太陽のタッセル 1
彼は私がティツィアーノ=サルヴィリオとまだ公爵家に伝えていないのだろうか。
それとももう……?
思わず足が一歩後ろに下がる。
彼がはっとした様に手を伸ばして腕を掴んだ。
「誰にも言いません。貴方の事を!」
掴まれた腕は振り払えない強さではない。
「何か目的があったのでしょう?理由を無理に聞こうとは思いません。貴方の思うようにしてください。」
彼の声は本当にそう思っているように聞こえる。
「私が公爵家に何かするとは思わないの?」
「思いませんよ。もし何かしようと思うなら毒物を持ち込んだメイドのことも放っておいたでしょう。私は貴方を信じています。……忠誠を誓ったあの日から。」
そう言って向けられた目はどこまでも優しく、私の心を落ち着かせるものだった。
「……あれから何年も会っていないけど、……。」
他に忠誠を誓える人がいなかったのかと訊くのはとても傲慢な気がする。
忠誠を誓ってくれた人を軽く扱っているようで、その先を続けられなかった。
「ティツィアーノ様。私は貴方に忠誠を誓ったにも関わらず貴方の前から姿を消しました。

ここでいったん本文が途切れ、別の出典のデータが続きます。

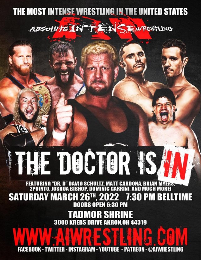 Each and every week without a major wrestling pay per view, the fine hosts for the At Odds with Wrestling podcast assign another wrestling show as homework. This week’s selection is the latest event from the fine folks at AIW, the Doctor is In. This event can be watched in the comfort of your home through a subscription to IWTV. Just $10 a month. You’ve spent more on worse.

信じていただけないかも知れませんが、あの時の思いは色褪せる事なく、私の心にあります。貴方の存在が自分をもっと強く、……貴方に追いつけるよう、研鑽する原動力となっているのです。」
自分を高めるための……存在。
胸元にあるタッセルを入れた袋を握りしめる。
「研鑽する原動力……私にもそう思える方がいるので、わかります。」
「……それは……?」
握りしめた私の手元を見つめた彼が言った。
「『太陽のタッセル』……です。」
そう言った瞬間彼から発せられる雰囲気が一気に変わった。
忠誠を誓った対象が流行りに乗って『太陽のタッセル』を持っているなど、浮ついていると思ったのだろうか。
「これは私が七つの時に作ったもので…。」
そう言って袋から取り出そうとして…――――――
…………止めた。
「え!!?」
「え?」
思わぬ彼の反応に驚く。
「いや、今見せてくれる雰囲気でしたよね!?」
「え、あ〜……。刺繍が苦手なのでお見せするほどのものでは……。」
ははは……と乾いた笑いが溢れるが、このタッセルはレグルス公爵家の刺繍がしてあり、一目で公爵様を想って作ったタッセルだと分かる。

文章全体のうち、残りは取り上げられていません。